For what it’s worth (and with limited testing, but) It appears that removing the Synology DSM integration has put an end to the ‘timer_out_of_sync’ errors in my case. Only been about 30 minutes, but those messages appeared immediately up until the removal of the integration. Jury still out on whether this stabilises zha.

Update: Now 20 hours later, not a single ‘timer_out_of_sync’ message and Zigbee is rock solid again. Thanks for the troubleshooting. It never occurred to me to look outside of zha, but clearly the Synology DSM integration was crippling my device and as a result of that zigbee kept being the first to suffer the consequences.

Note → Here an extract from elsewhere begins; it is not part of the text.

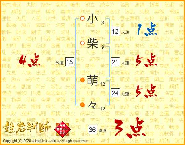 小(3画)柴(9画) 萌(12画)々(12画)

To be honest, I do think that something changed in ZHA that allows a timeout to take the whole integration down, I never ran into trouble before the last few versions and neither did you as far as I can tell. Regardless, I’m glad this fixed it for you. I should probably take another look at it since I’m still getting those timer out of sync notifications, if you’re not getting a single one… Maybe move the whole thing to an SSD will help… Thanks for the feedback!